The fashion industry while designing their collections, the designers are consciously keeping religious minorities in mind, globally. Even though some of these designs lean towards cultural appropriation, there is a growing tendency and awareness of religious or cultural garments that are finding its way into mainstream fashion.
Although every now and then the usage of religious headgears or prints create a divided audience, it’s still a positive change to see that fashion is finally embracing religious minorities. For instance, Gucci’s use of turban on a white model stemmed a large part of frustration on Twitter, “Could you not find a brown model?” tweeted model Avan Jogia.
Jogia and others were trying to point out that turban-wearing Sikh men are frequently the targets of hate crimes in the West. West ends up associating turbans with radical groups like the Taliban, which is disrespectful. And on the other hand, we remember Sarah Jessica Parker aka Carrie Bradshaw’s glamorous take on turban in Abu Dhabi.
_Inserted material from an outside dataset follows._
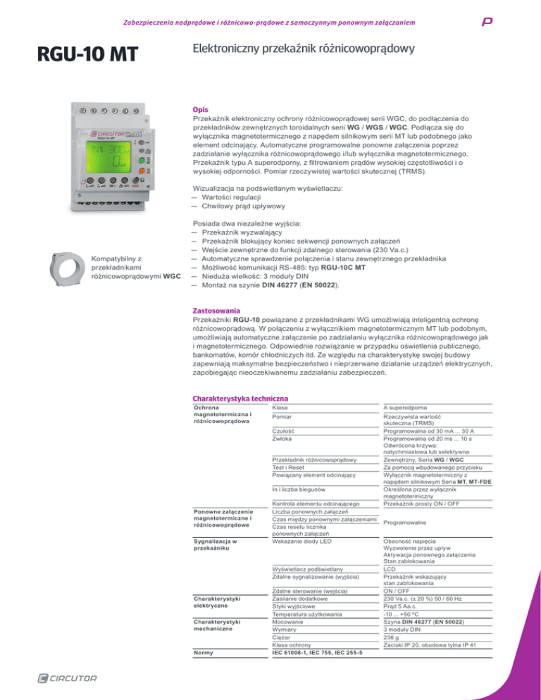 Zabezpieczenia nadprądowe i różnicowo-prądowe z samoczynnym ponownym załączaniem RGU-10 MT Elektroniczny przekaźnik różnicowoprądowy Opis Przekaźnik elektroniczny ochrony różnicowoprądowej serii WGC, do podłączenia do przekładników zewnętrznych toroidalnych serii WG / WGS / WGC. Podłącza się do wyłącznika magnetotermicznego z napędem silnikowym serii MT lub podobnego jako element odcinający. Automatyczne programowalne ponowne załączenia poprzez zadziałanie wyłącznika różnicowoprądowego i/lub wyłącznika magnetotermicznego. Przekaźnik typu A superodporny, z filtrowaniem prądów wysokiej częstotliwości i o wysokiej odporności. Pomiar rzeczywistej wartości skutecznej (TRMS). Wizualizacja na podświetlanym wyświetlaczu: —— Wartości regulacji —— Chwilowy prąd upływowy Kompatybilny z przekładnikami różnicowoprądowymi WGC Posiada dwa niezależne wyjścia: —— Przekaźnik wyzwalający —— Przekaźnik blokujący koniec sekwencji ponownych załączeń —— Wejście zewnętrzne do funkcji zdalnego sterowania (230 Va.c.) —— Automatyczne sprawdzenie połączenia i stanu zewnętrznego przekładnika —— Możliwość komunikacji RS-485: typ RGU-10C MT —— Nieduża wielkość: 3 moduły DIN —— Montaż na szynie DIN 46277 (EN 50022). Zastosowania Przekaźniki RGU-10 powiązane z przekładnikami WG umożliwiają inteligentną ochronę różnicowoprądową. W połączeniu z wyłącznikiem magnetotermicznym MT lub podobnym, umożliwiają automatyczne załączenie po zadziałaniu wyłącznika różnicowoprądowego jak i magnetotermicznego. Odpowiednie rozwiązanie w przypadku oświetlenia publicznego, bankomatów, komór chłodniczych itd. Ze względu na charakterystykę swojej budowy zapewniają maksymalne bezpieczeństwo i nieprzerwane działanie urządzeń elektrycznych, zapobiegając nieoczekiwanemu zadziałaniu zabezpieczeń. Charakterystyka techniczna Ochrona magnetotermiczna i różnicowoprądowa Klasa A superodporna Pomiar Rzeczywista wartość skuteczna (TRMS) Programowalna od 30 mA ... 30 A Programowalna od 20 ms ... 10 s Odwrócona krzywa: natychmiastowa lub selektywna Zewnętrzny, Seria WG / WGC Za pomocą wbudowanego przycisku Wyłącznik magnetotermiczny z napędem silnikowym Seria MT, MT-FDE Określona przez wyłącznik magnetotermiczny Przekaźnik prosty ON / OFF Czułość Zwłoka Przekładnik różnicowoprądowy Test i Reset Powiązany element odcinający In i liczba biegunów Ponowne załączenie magnetotermiczne i różnicowoprądowe Sygnalizacja w przekaźniku Kontrola elementu odcinającego Liczba ponownych załączeń Czas między ponownymi załączeniami Czas resetu licznika ponownych załączeń Wskazanie diody LED Wyświetlacz podświetlany Zdalne sygnalizowanie (wyjścia) Charakterystyki elektryczne Charakterystyki mechaniczne Normy Zdalne sterowanie (wejścia) Zasilanie dodatkowe Styki wyjściowe Temperatura użytkowania Mocowanie Wymiary Ciężar Klasa ochrony IEC 61008-1, IEC 755, IEC 255-5 Programowalne Obecność napięcia Wyzwolenie przez upływ Aktywacja ponownego załączenia Stan zablokowania LCD Przekaźnik wskazujący stan zablokowania ON / OFF 230 Va.c. (± 20 %) 50 / 60 Hz Prąd 5 Aa.c. -10 ... +50 ºC Szyna DIN 46277 (EN 50022) 3 moduły DIN 236 g Zaciski IP 20, obudowa tylna IP 41 1 Zabezpieczenia nadprądowe i różnicowo-prądowe z samoczynnym ponownym załączaniem RGU-10 MT Elektroniczny przekaźnik różnicowoprądowy Rodzaje Typ Kod Element umożliwiający ponowne załączenie In (A) Zwłoka (*) RGU-10 MT P24642 Wyłącznik magnetotermiczny - 0,03...30 0,02...10 s RGU-10C MT P24652 Wyłącznik magnetotermiczny RS-485 0,03...30 0,02...10 s Komunikacja (*) We wszystkich urządzeniach z regulacją czułości do 0,03 A, zostaje anulowana zwłoka Wymiary Połączenia RGU-10 MT z cewką / RGU-10C MT z cewką RGU-10 MT / RGU-10C MT WG 2 WG

Hijabs are beautifully making a way runway as well. Recently, Macy’s announced that it would be selling its first hijab line on the platform. With brands and runways becoming more diverse, Shahira Yusuf became one of Britain's first hijab-wearing models. Hijabs were everywhere at the AW'18 shows. Designers are not exactly calling them hijabs, rather are calling them scarves and wraparounds because the styles are many. From close-fitting lycra hoods to carefully draped scarves and knitted snoods, head coverings of versatile styles were seen on the runways of major brands including Alexander Wang, Calvin Klein, Versace, Lanvin, Dior, Chanel, Balenciaga, Gucci and Marc Jacobs.
In past, Nike’s pro-hijab and Marks & Spencer’s modest fashion line got Muslim women talking and celebrating, globally. And just when fashion is at its peak in India, designer and the queen of quirky prints Masaba Gupta is bringing out one of her best breakthrough designs -- a hijab saree. She has brilliantly blended two of the most important attires that represent the country. A grey saree infused with tribal prints is to be paired with a hot pink blouse. Initially, Masaba wanted to talk about her best-seller saree and how there has been a debate about sarees being embraced by a specific type of women. But her idea of styling a saree like a hijab opens the option of saree to every Muslim woman.
The good news is that fashion is making itself more inclusive one step at a time and it’s in favour of everyone!